Task objective: Write out the data again exactly, skipping every picture.
START Available data
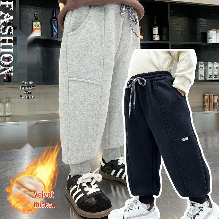 Boy's Fleece-Lined One-Piece Casual Warm Sweatpants for Fall & Winter - Stylish and Thickened Sports Pants
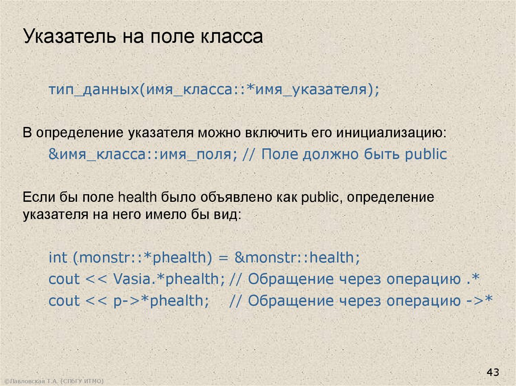 cout << Vasia.*phealth; // Обращение через операцию .*
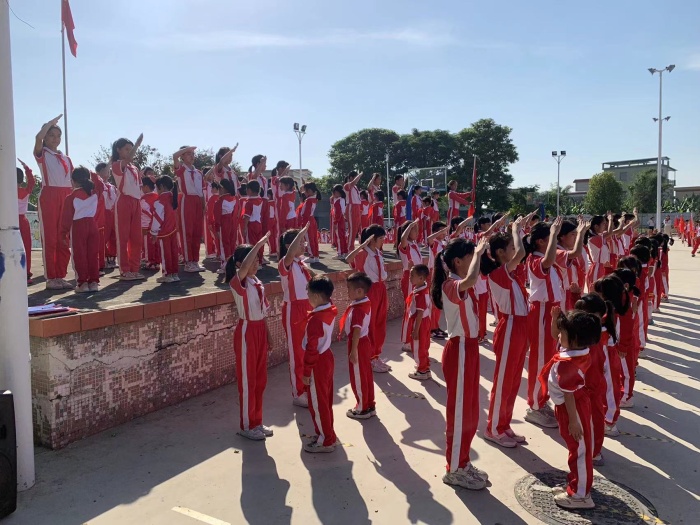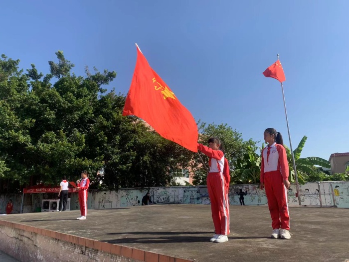 宣誓完畢后,校長丘茶芬為一年級兩個中隊(duì)授予隊(duì)旗。丘校長對新隊(duì)員們表示熱烈的祝賀,同時希望每位隊(duì)員都能夠銘記誓言,好好學(xué)習(xí),好好鍛煉,全面發(fā)展,當(dāng)好社會主義接班人。
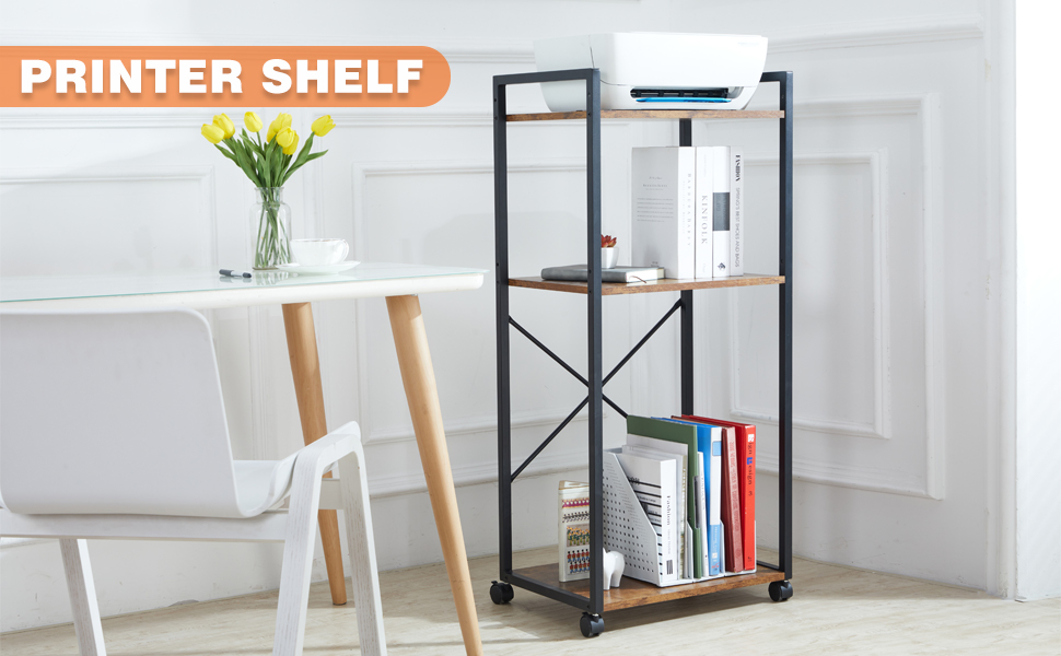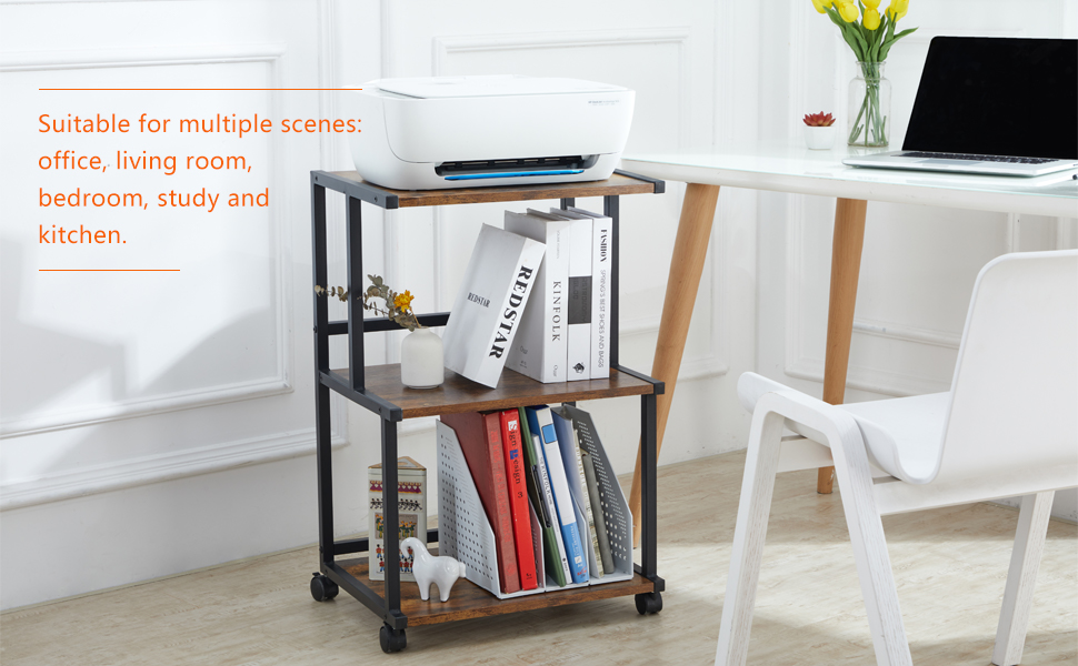 حامل متعدد الوظائف - يمكن استخدام الأرفف المزدوجة لحامل الطابعة ورف الكتب ورف التخزين وصينية وعاء النباتات وما إلى ذلك. المظهر النظيف والحديث مثالي للاستخدام المنزلي والمكتبي
END Available data
Task solution:
 Boy's Fleece-Lined One-Piece Casual Warm Sweatpants for Fall & Winter - Stylish and Thickened Sports Pants
 cout << Vasia.*phealth; // Обращение через операцию .*
 宣誓完畢后,校長丘茶芬為一年級兩個中隊(duì)授予隊(duì)旗。丘校長對新隊(duì)員們表示熱烈的祝賀,同時希望每位隊(duì)員都能夠銘記誓言,好好學(xué)習(xí),好好鍛煉,全面發(fā)展,當(dāng)好社會主義接班人。
 حامل متعدد الوظائف - يمكن استخدام الأرفف المزدوجة لحامل الطابعة ورف الكتب ورف التخزين وصينية وعاء النباتات وما إلى ذلك. المظهر النظيف والحديث مثالي للاستخدام المنزلي والمكتبي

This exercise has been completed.